## Problem details
Return the data below exactly as given, except for the images.

## Recorded information
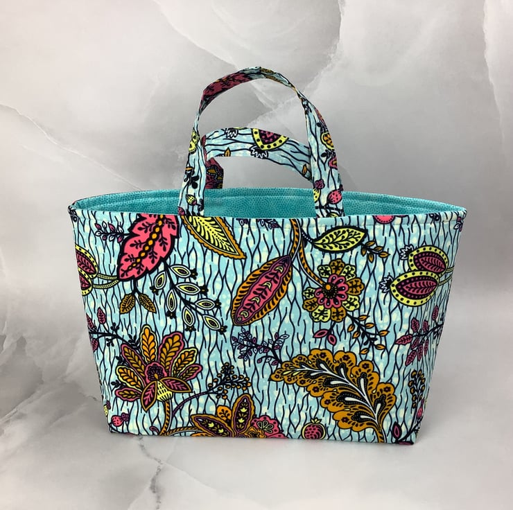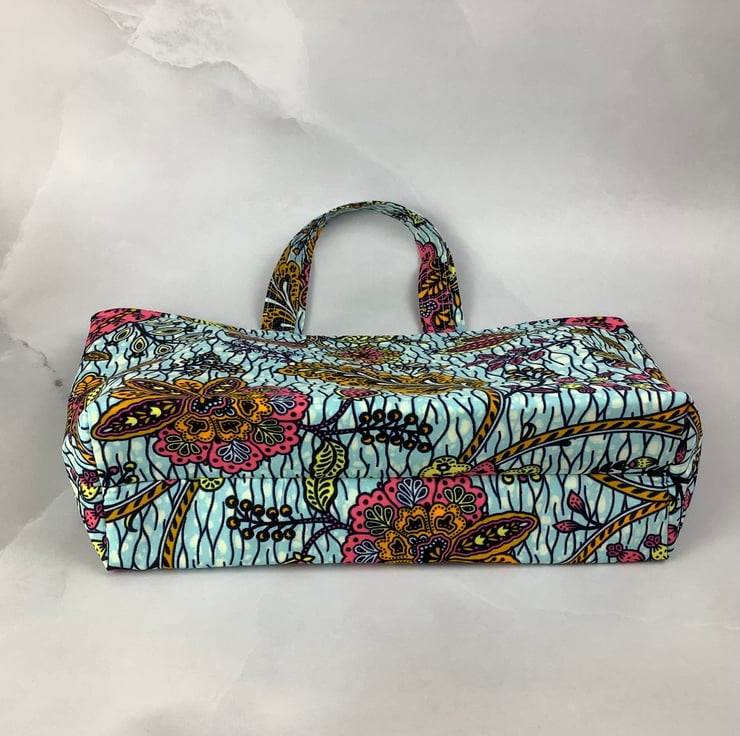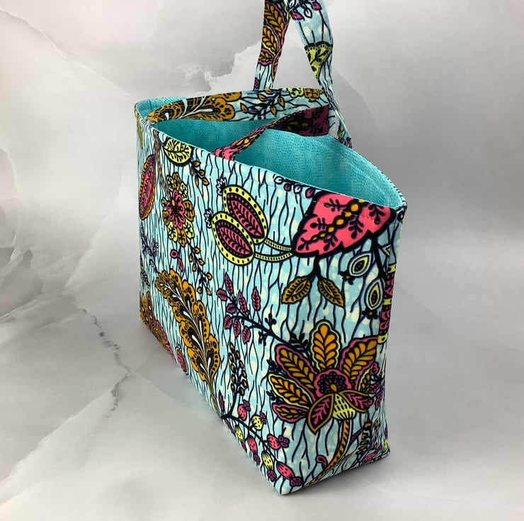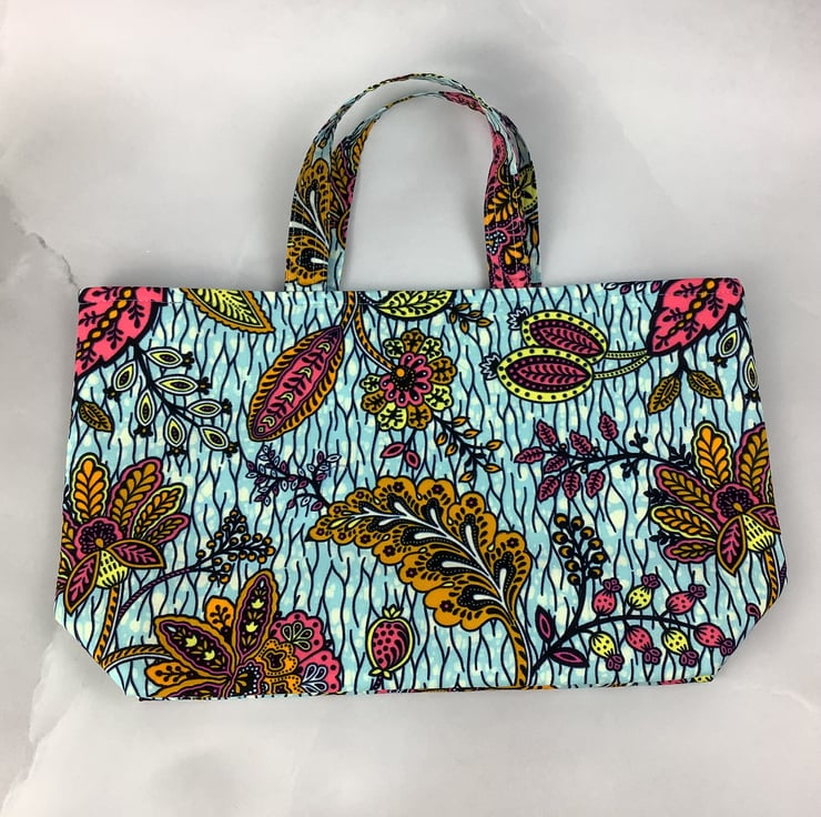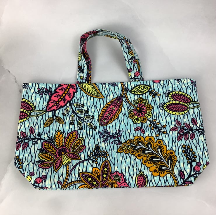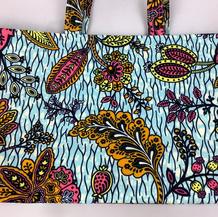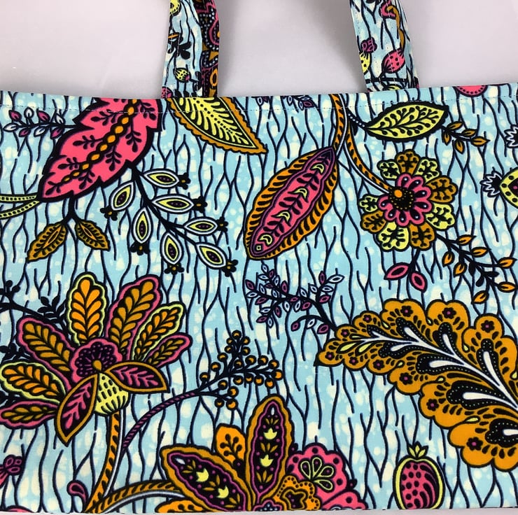 A stunning tote bag in a bold cotton fabric in a gorgeous African print. Perfect for shopping, work and holidays and folds flat for storage.
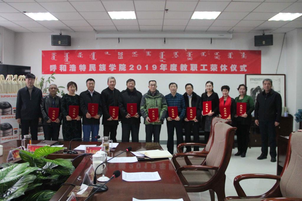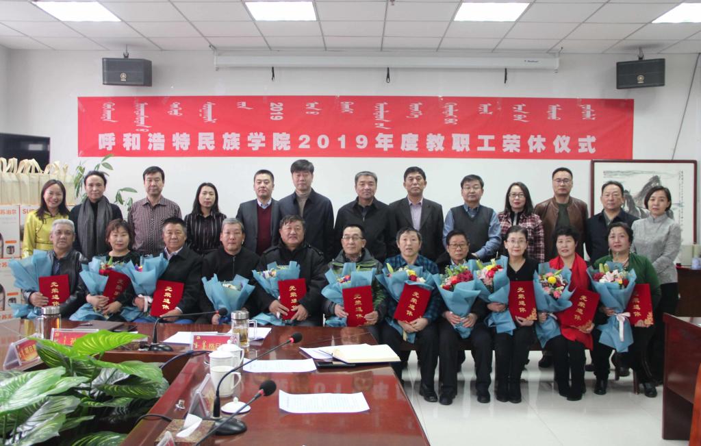 12月25日下午,学校2019年教职工荣休仪式在综合楼1102会议室举行。校党委书记孙国权,党委副书记、校长格日乐图出席仪式,2019年退休教职工、退休教职工所在单位负责人、分工会主席参加仪式。邢文岐主席主持仪式。
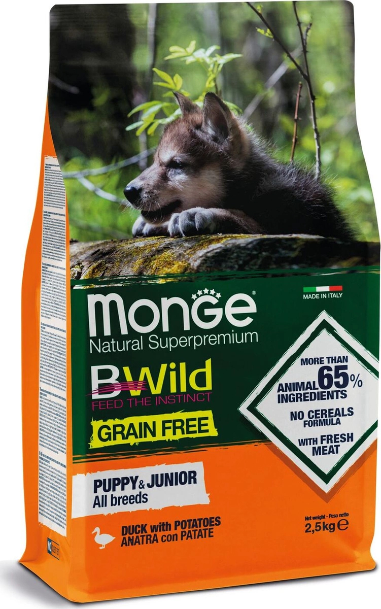 Полнорационный корм для щенков всех пород с уткой и картофелем, не содержит зерновых культур. Это питательный, высокоусваиваемый корм с высокой вкусовой привлекательностью.
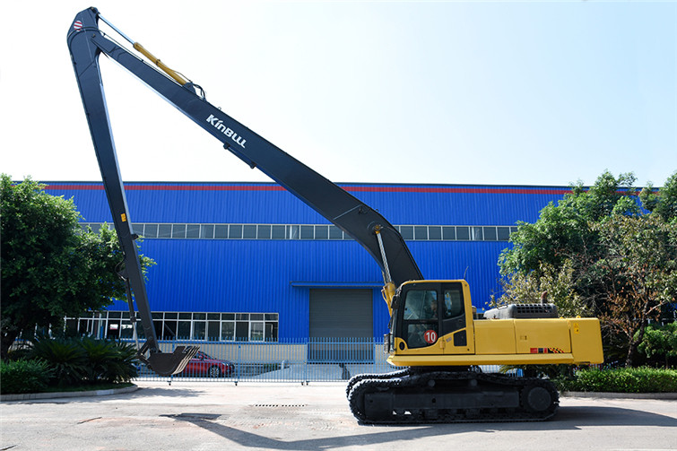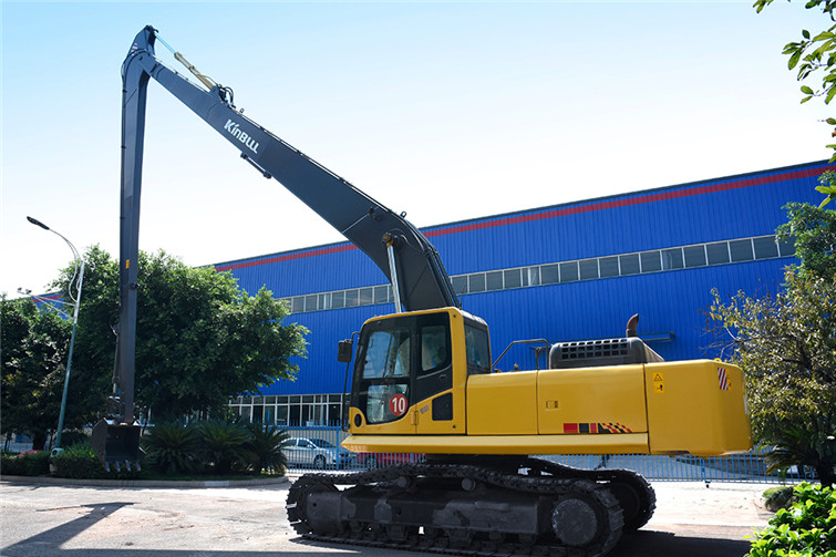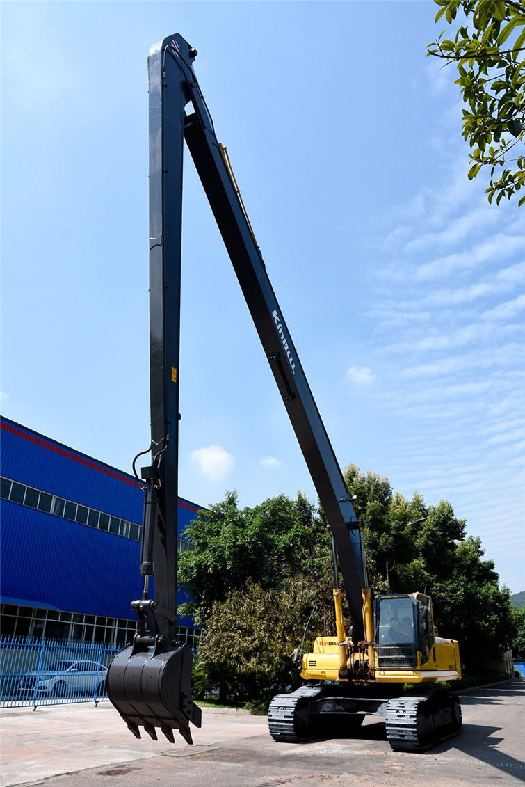 火狐36T两段式加长臂履带式挖机,动臂长12米,斗杆长9米,共计21米,其挖掘高度,挖掘深度,挖掘半径都得到了显著提升,利用这种超长型动臂和超长型斗杆,操作者可在受地面影响的特殊工况下轻松实现挖掘功能,发挥其巨大威力。广泛适用于土砂、混凝土等建筑搬运, 楼体拆解, 地铁出入口开挖,高速公路坡面修整, 河道疏通清淤及建筑基础、深沟等土石方挖掘作业,能完成标准挖掘机不能完成的特殊任务。 而今全国各地纷纷上马地铁建设,河道疏浚治污工程遍地开花,细分市场生机勃勃,占领一席之地,火狐势在必行!
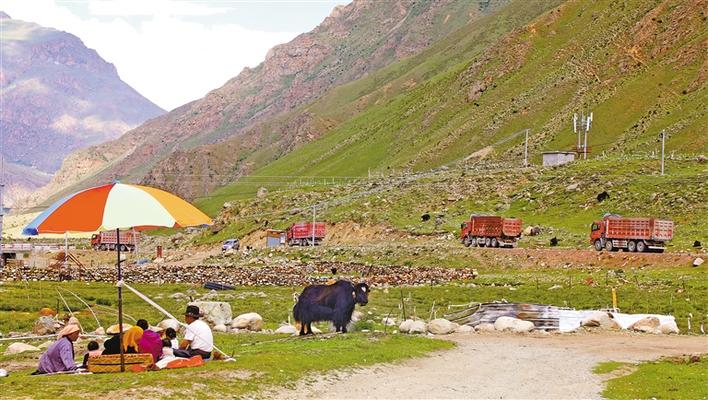 那嘎村村民開(kāi)起運(yùn)輸車,奔向小康之路。

## Solution to this problem
 A stunning tote bag in a bold cotton fabric in a gorgeous African print. Perfect for shopping, work and holidays and folds flat for storage.
 12月25日下午,学校2019年教职工荣休仪式在综合楼1102会议室举行。校党委书记孙国权,党委副书记、校长格日乐图出席仪式,2019年退休教职工、退休教职工所在单位负责人、分工会主席参加仪式。邢文岐主席主持仪式。
 Полнорационный корм для щенков всех пород с уткой и картофелем, не содержит зерновых культур. Это питательный, высокоусваиваемый корм с высокой вкусовой привлекательностью.
 火狐36T两段式加长臂履带式挖机,动臂长12米,斗杆长9米,共计21米,其挖掘高度,挖掘深度,挖掘半径都得到了显著提升,利用这种超长型动臂和超长型斗杆,操作者可在受地面影响的特殊工况下轻松实现挖掘功能,发挥其巨大威力。广泛适用于土砂、混凝土等建筑搬运, 楼体拆解, 地铁出入口开挖,高速公路坡面修整, 河道疏通清淤及建筑基础、深沟等土石方挖掘作业,能完成标准挖掘机不能完成的特殊任务。 而今全国各地纷纷上马地铁建设,河道疏浚治污工程遍地开花,细分市场生机勃勃,占领一席之地,火狐势在必行!
 那嘎村村民開(kāi)起運(yùn)輸車,奔向小康之路。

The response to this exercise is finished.